Last week I released version 0.2.0 of phancap, the self-hosted website screenshot service.
phancap uses cutycapt to render website screenshots on a headless server, and it works fine most of the time. The problem here is most of the time; cutycapt has a nasty bug that makes it hang on some web sites and use 100% CPU, forever. This is not something that you want to run unattended on your server.
Process control
Fortunately, PHP has the pcntl extension that allows PHP scripts to fork and control processes. My idea was to let cutycapt run for at most 30 seconds and kill it if it did not exit in that time. This way, screenshot generation would fail for some URLs, but the server would not collect hundreds of never-ending processes.
The implementation wasn't that hard and worked fine on command line: It forked a child process that hung forever and killed it after 3 seconds.
After integrating it in phancap I noticed that it did not work.
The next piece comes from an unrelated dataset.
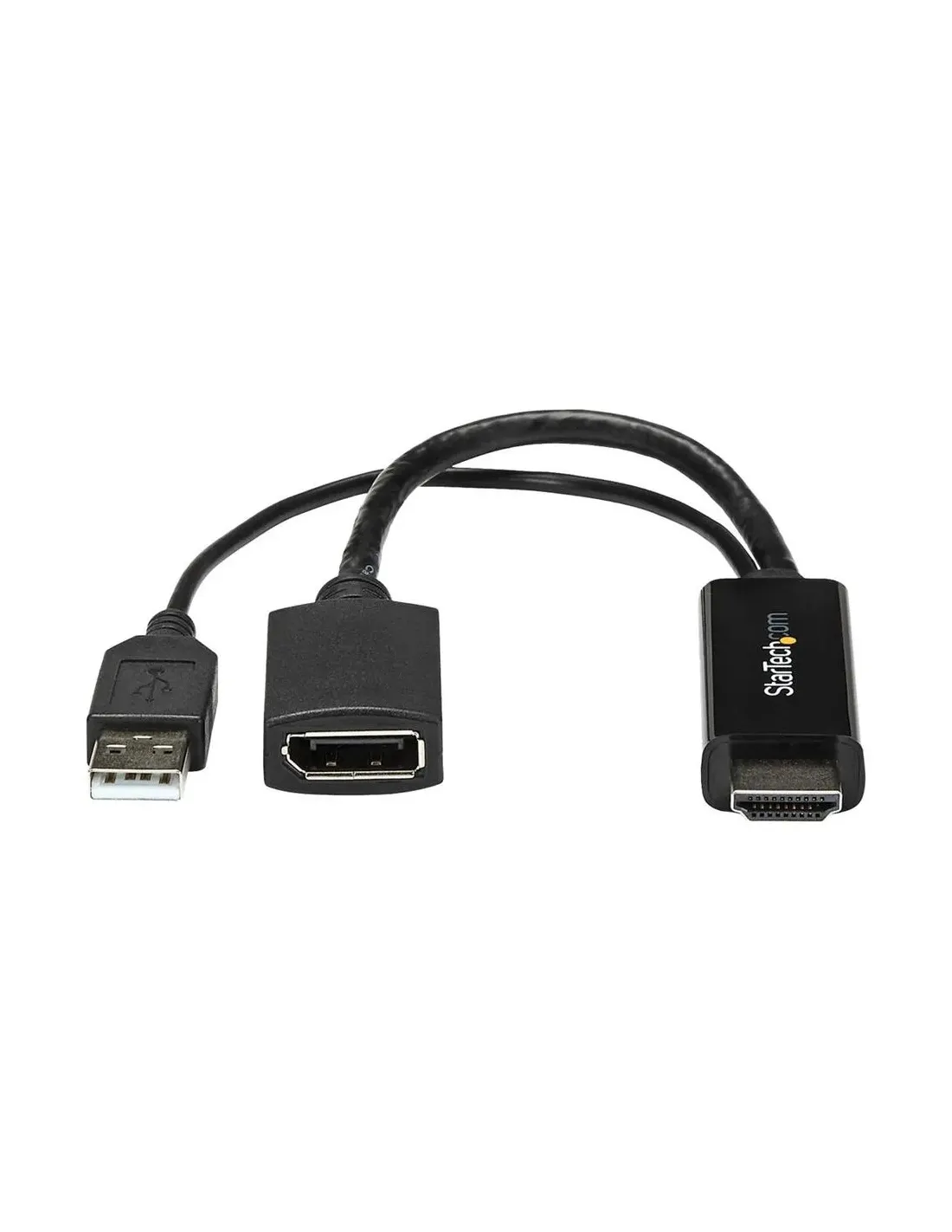 Características del Startech Conversor HDMI a DisplayPort 4K Alimentado por USBEl adaptador activo Startech HDMI a DisplayPort es la solución ideal para conectar dispositivos con salida HDMI a monitores o pantallas con entrada DisplayPort. Diseñado para ofrecer compatibilidad avanzada y calidad de imagen en 4K, este conversor es perfecto para entornos profesionales, configuraciones multimedia o puestos de trabajo que requieren fiabilidad y rendimiento.Conversión activa con soporte 4KGracias a su tecnología de conversión activa, este adaptador permite transformar señales HDMI en DisplayPort sin pérdida de calidad. Es capaz de ofrecer resoluciones de hasta 3840 x 2160 a 30 Hz, garantizando una experiencia visual nítida y estable.Resolución máxima: 3840 x 2160 (4K)Frecuencia de actualización: 30 HzAdaptador activo para mayor compatibilidadAlimentación USB para mayor estabilidadEl dispositivo incorpora alimentación mediante USB, lo que asegura un funcionamiento estable incluso en configuraciones exigentes. Incluye un cable alargador USB de 1 metro para facilitar su instalación en diferentes entornos.Alimentación mediante USB tipo ACable alargador USB incluido (1 metro)Mayor estabilidad en la señal de vídeoCompatibilidad de audio envolventeAdemás de la señal de vídeo, este adaptador permite transmitir audio envolvente 7.1, ofreciendo una experiencia multimedia completa tanto en entornos profesionales como domésticos.Soporte de audio 7.1 canalesTransmisión simultánea de audio y vídeoIdeal para contenido multimedia y presentacionesDiseño compacto y conectividad versátilCon un diseño compacto y ligero, este adaptador resulta fácil de integrar en cualquier configuración. Su longitud de 25.5 cm permite una conexión cómoda sin generar tensión en los puertos.Conector HDMI macho (entrada)Conector DisplayPort hembra (salida)Longitud del cable: 25.5 cmPeso: 37 gCumplimiento de estándares y compatibilidadEl adaptador cumple con normativas clave como FCC, RoHS y HDCP 2.2, garantizando seguridad, sostenibilidad y compatibilidad con contenido protegido. Además, está diseñado para integrarse con modelos específicos de Startech.Cumplimiento: FCC, RoHS, HDCP 2.2Compatible con P/N: SV211HDUC, SV221HUC4KColor: NegroOtras especificacionesAnchura: 2.3 cmAltura: 1.3 cmDimensiones del embalaje: 22.1 x 18.5 x 3.3 cmPeso del embalaje: 137 gInterfaz soportada: DisplayPort / HDMI

I was sure I had the pcntl extension installed and enabled, and it worked fine on CLI - just not when run under mod_php.
A user note in the PHP manual finally gave a hint why it failed:
"Process Control should not be enabled within a web server environment and unexpected results may happen if any Process Control functions are used within a web server environment."
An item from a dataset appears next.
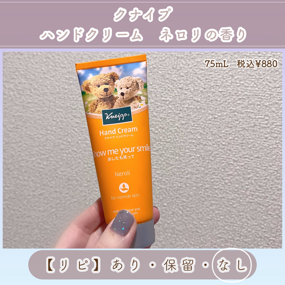 #LIPS購入品#ハンドケアクナイプハンドクリームネロリの香り75ml1000円位で購入香りは一瞬強く出て、その後は弱い香りが続く伸びが良くてベタつかない少量でしっかりケアできるネロリの香りが好きな方にオススメこれはリピートするつもりコスパが...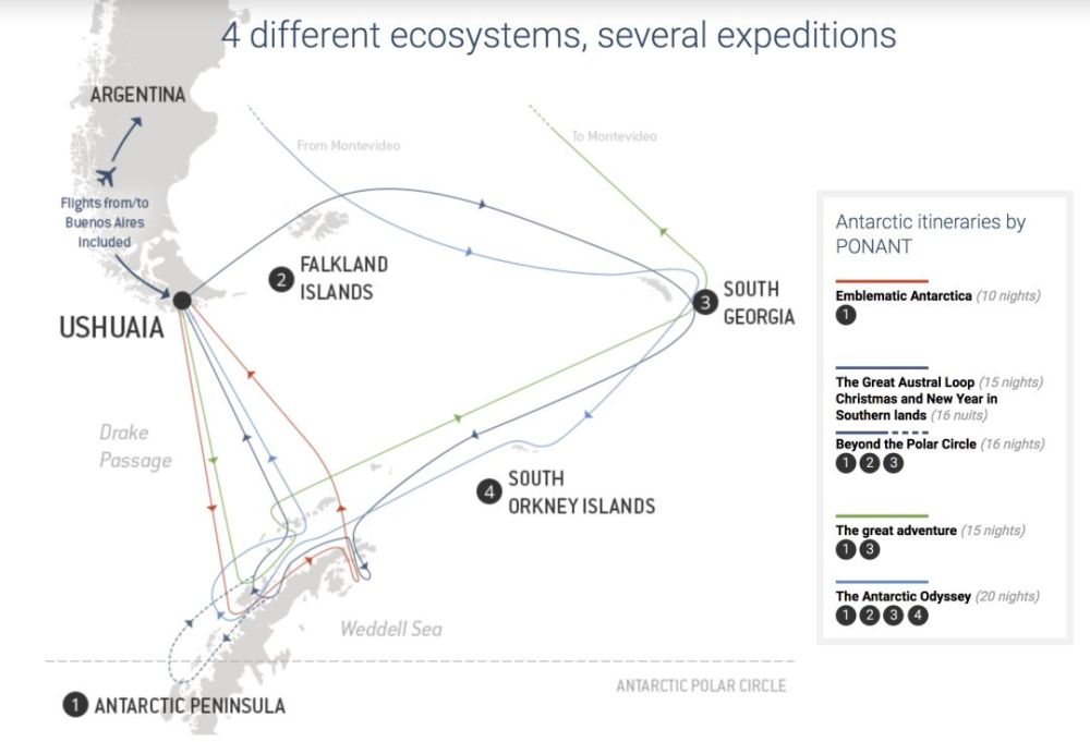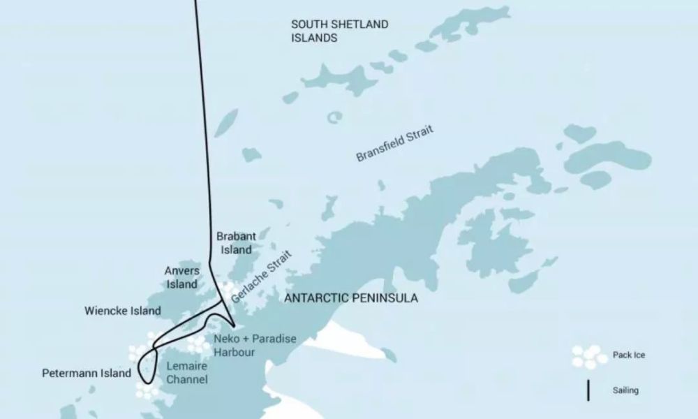 在南极邮轮的常规线路上,主要有南极半岛的、深入南极半岛进入到南极圈的(一般会多3天)还有去南极三岛(一般多9天)的。

At least for PHP 5.3.8 which I am using, and who knows how far back, it's not a matter of "should not", it's "can not". Even though I have compiled in PCNTL with --enable-pcntl, it turns out that it only compiles in to the CLI version of PHP, not the Apache module. As a result, I spent many hours trying to track down why function_exists('pcntl_fork') was returning false even though it compiled correctly. It turns out it returns true just fine from the CLI, and only returns false for HTTP requests. The same is true of ALL of the pcntl_*() functions.
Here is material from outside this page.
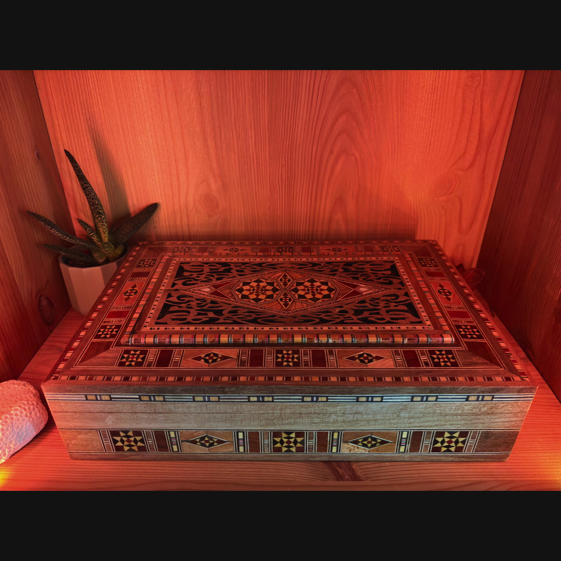 duże prostokątne pudełko mozaikowe, ręcznie robione pudełko z drewna buka, damascenskie pudełko na biżuterię, ręcznie robiona skrzynia na pamiątki, drewniane pudełko do przechowywania, rzemiosło z Damaszku, rękodzielniczy prezent, prezent ślubny, prezent na rocznicę, unikalny prezent urodzinowy, prezent z drewna premium, pudełko z Damaszku, syryjskie pudełko, prezent dla niej, prezent dla niego

To summarize: PHP's pcntl extension does not work on Apache with mod_php.
timeout to the rescue
After some searching I found the timeout command on my linux system, which came with the GNU core utilities.
timeout lets you specify how long to wait for a process to finish, and kills it with a user-defined signal if it's still running.
phancap utilizes timeout now when running cutycapt. With that I'm confident enough to let phancap run on my public server and use it on the SemanticScuttle demo site to provide screenshots for bookmarked web sites.